Types of catch data:
Recreational Effort Surveys
Partnership with state agencies and commissions are common
Fish stock assessment models compute the historical levels of fish stock abundance and fishing mortality that are most consistent with observed trends in abundance data, the fish’s biology, and historical catch levels. Assessment models produce estimates of important fishery management factors and provide the technical basis for managers to determine stock status and set annual catch limits and other fishery management measures to maintain sustainable fishing and healthy ecosystems.
Conceptually, fish assessment models are similar to the dynamic atmospheric models used by NOAA’s National Weather Service to forecast the weather. Weather models combine a variety of weather observations to calibrate complex atmospheric models that forecasters can then use to make informed predictions on whether it will be sunny or rainy tomorrow. Even though stock assessments operate on much longer time scales than weather models – months and years rather than hours and days – they are similar in how they incorporate complex observations from many different sources into a holistic representation of the situation.
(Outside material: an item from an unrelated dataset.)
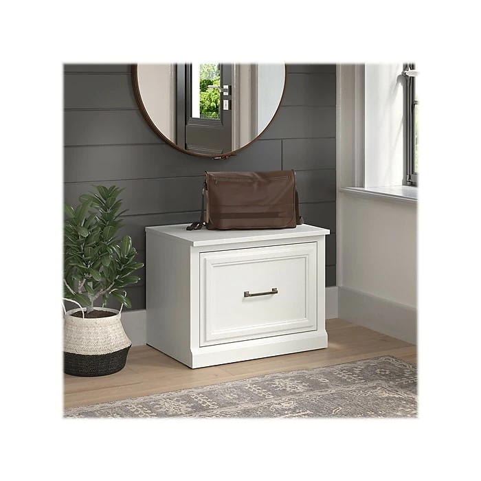 The kathy ireland Home by Bush Furniture Woodland 24″W small shoe bench with drawer combines transitional styling and a practical design to offer a perfect entryway organizer. Have a seat on the durable bench, and take a moment to relax as you get ready to head out the door or come home after a long day. The top of the mudroom bench supports 250 lbs., so you can sit down to put on and take off your shoes or set shopping bags down after a trip to the store with confidence. A small drawer opens on smooth, full-extension ball bearing slides for easy access to footwear. The storage bench’s transitional design blends elements of contemporary and traditional styling to complement a wide range of home furnishings. This small entryway bench with storage has been tested to meet Bush Furniture’s standards for safety, performance, and durability and is backed by a 3-year manufacturer’s warranty.

A variety of assessment modeling packages are available, ranging from basic models to complex models that are able to represent a range of fish stock dynamics, including ecosystem factors, to models developed specifically to represent an individual species or stock. Scientists choose the model that offers the features best suited for a stock’s life history and data availability, and may try multiple models to more fully explore what we know, and don’t know, about the status of a fish stock. Read more about the assessment models available to NOAA Fisheries scientists...
Today’s stock assessment models run as computer simulations of fish populations. The most complete kind assessment model is called an integrated analysis model. Integrated analysis models are composed of three sub-model layers: 1) population sub-model; 2) observation sub-model; and 3) statistical sub-model.
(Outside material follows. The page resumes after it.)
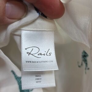 Rails Kathryn Blouse Top White Button Down Cheetah Wild Cats Small EUC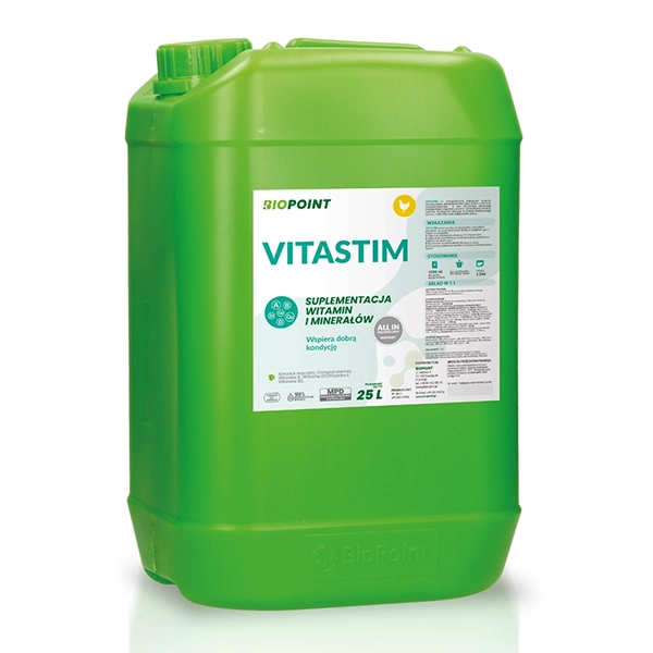 VITASTIM to specjalistyczna mieszanka witamin, aminokwasów, mikroelementów oraz ekstraktów roślinnych, stworzona z myślą o poprawie kondycji i odporności ptaków. Produkt wspomaga regenerację po infekcjach, optymalizuje zdrowie w kluczowych momentach cyklu produkcyjnego oraz wspiera trawienie i funkcjonowanie wątroby.

Population sub-model: Computes the essential population factors such as stock abundance, mortality, growth, reproduction, and movement for each year, typically going back several decades.
Observation sub-model: Translates estimates from the population model into predictions for each observed data input to the model, including survey abundance index, fish size and age composition, and others as available.
Statistical sub-model: Uses advanced statistical methods and powerful computers to compare data predictions to the data observations and adjusts factors in the population and observation models to achieve as good a match as possible to all the available data.
In addition to producing estimates of important management factors, stock assessments also need to quantify the level of uncertainty associated with assessment results. By measuring how closely a stock assessment model fits to the available observed data, scientists provide resource managers with information on how reliable (i.e. the level of statistical confidence) the historical estimates and future predictions from the model are for a fish stock.